* _Exercise description_: Could you transcribe all of the data exactly and skip any pictures?

* _Provided material_:

--------

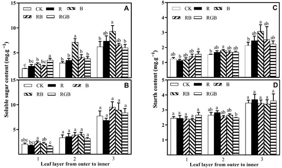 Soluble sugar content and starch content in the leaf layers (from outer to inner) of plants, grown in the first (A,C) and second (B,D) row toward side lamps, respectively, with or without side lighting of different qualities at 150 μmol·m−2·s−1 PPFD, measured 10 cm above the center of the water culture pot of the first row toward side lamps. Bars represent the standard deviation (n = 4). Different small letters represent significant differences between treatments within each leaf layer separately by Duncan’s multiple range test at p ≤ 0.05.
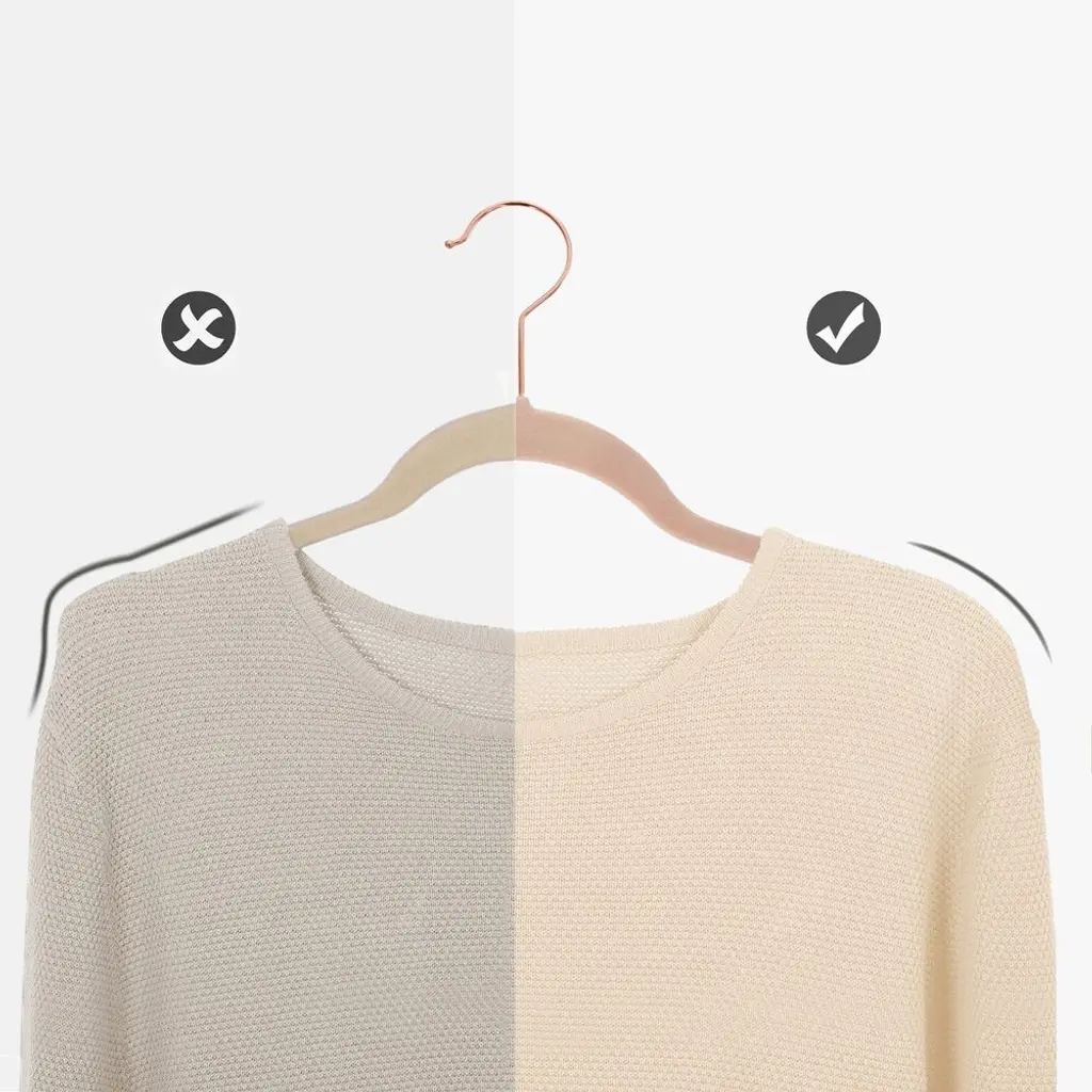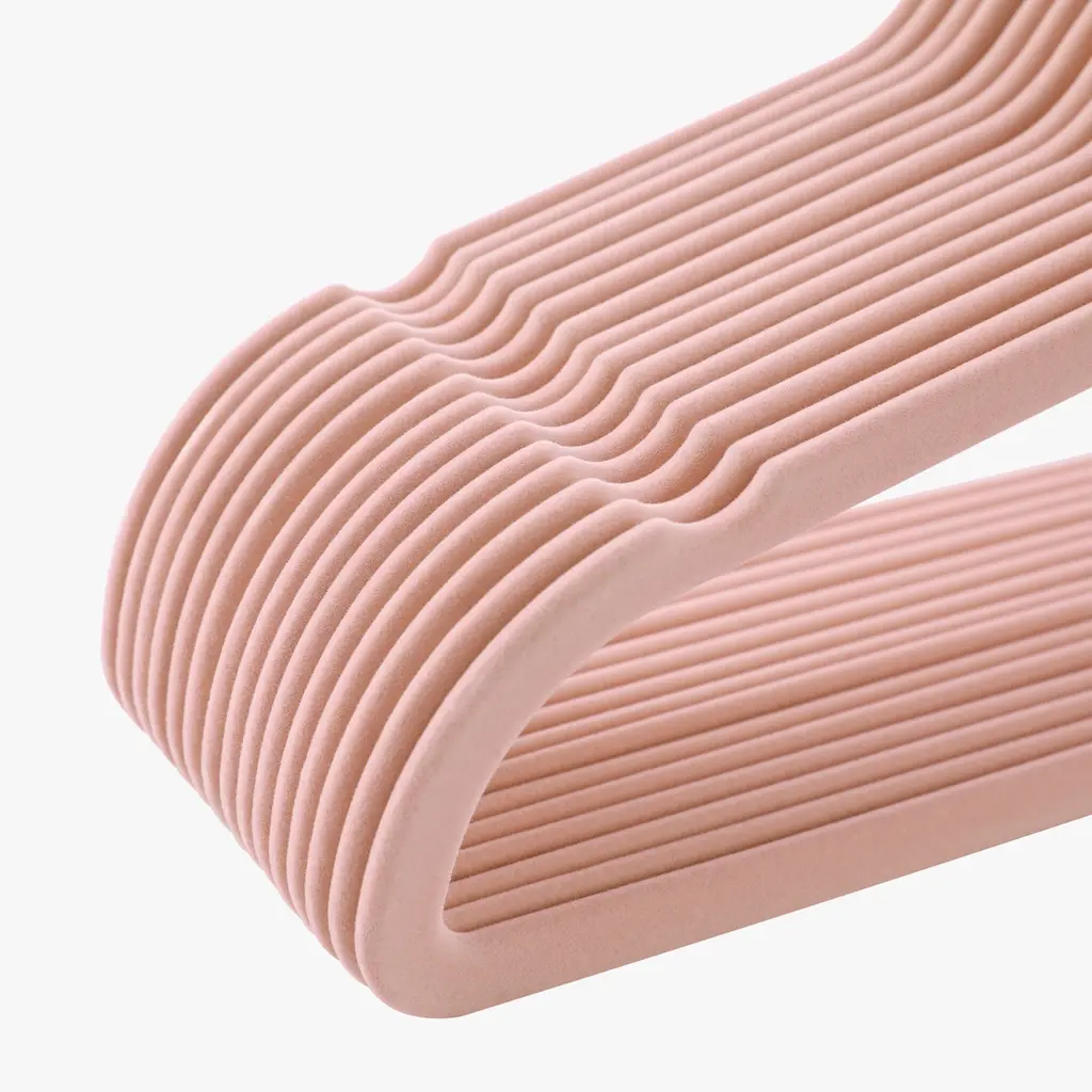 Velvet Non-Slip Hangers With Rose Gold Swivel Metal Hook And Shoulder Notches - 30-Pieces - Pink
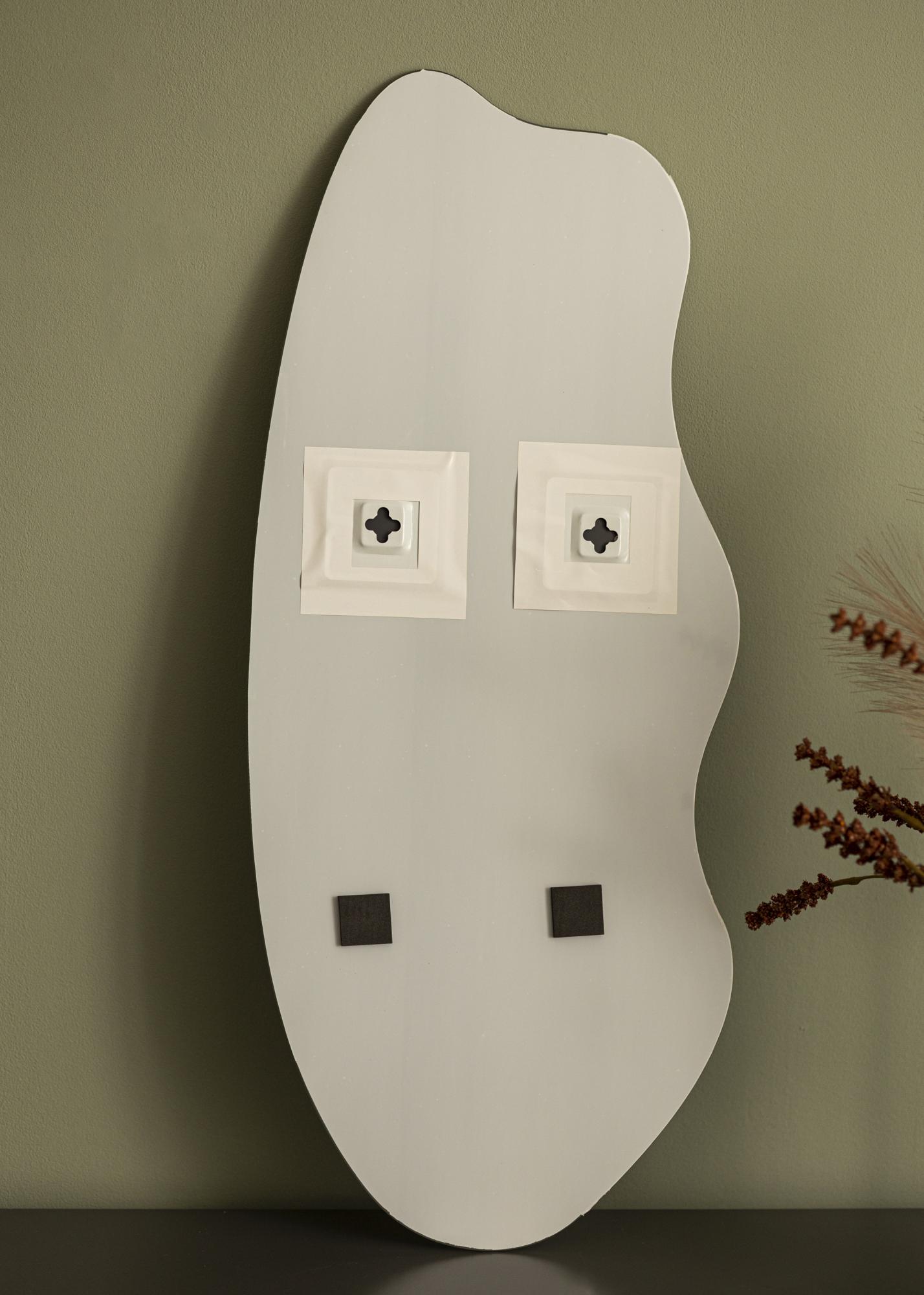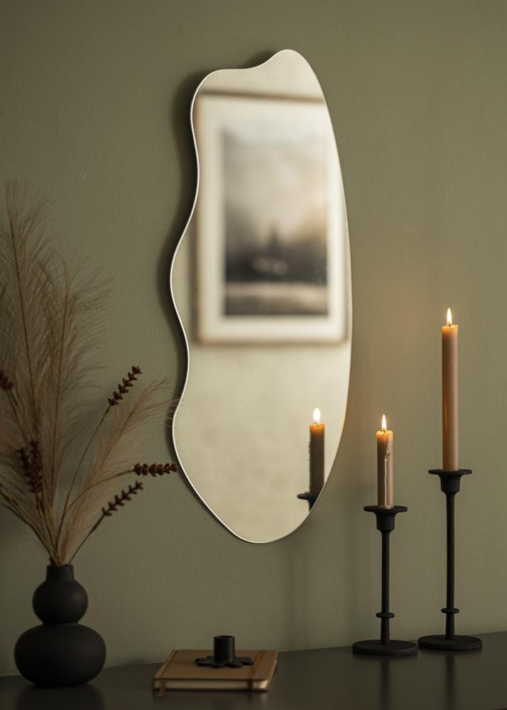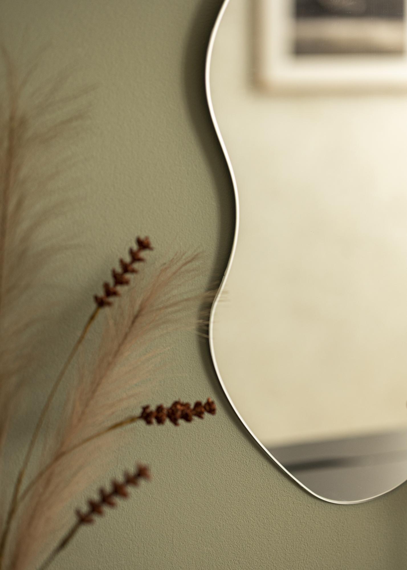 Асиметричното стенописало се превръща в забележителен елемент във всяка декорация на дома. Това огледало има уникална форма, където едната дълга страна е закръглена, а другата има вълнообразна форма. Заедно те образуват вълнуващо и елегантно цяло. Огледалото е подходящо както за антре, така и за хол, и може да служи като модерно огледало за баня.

--------

* _Your response_:
 Soluble sugar content and starch content in the leaf layers (from outer to inner) of plants, grown in the first (A,C) and second (B,D) row toward side lamps, respectively, with or without side lighting of different qualities at 150 μmol·m−2·s−1 PPFD, measured 10 cm above the center of the water culture pot of the first row toward side lamps. Bars represent the standard deviation (n = 4). Different small letters represent significant differences between treatments within each leaf layer separately by Duncan’s multiple range test at p ≤ 0.05.
 Velvet Non-Slip Hangers With Rose Gold Swivel Metal Hook And Shoulder Notches - 30-Pieces - Pink
 Асиметричното стенописало се превръща в забележителен елемент във всяка декорация на дома. Това огледало има уникална форма, където едната дълга страна е закръглена, а другата има вълнообразна форма. Заедно те образуват вълнуващо и елегантно цяло. Огледалото е подходящо както за антре, така и за хол, и може да служи като модерно огледало за баня.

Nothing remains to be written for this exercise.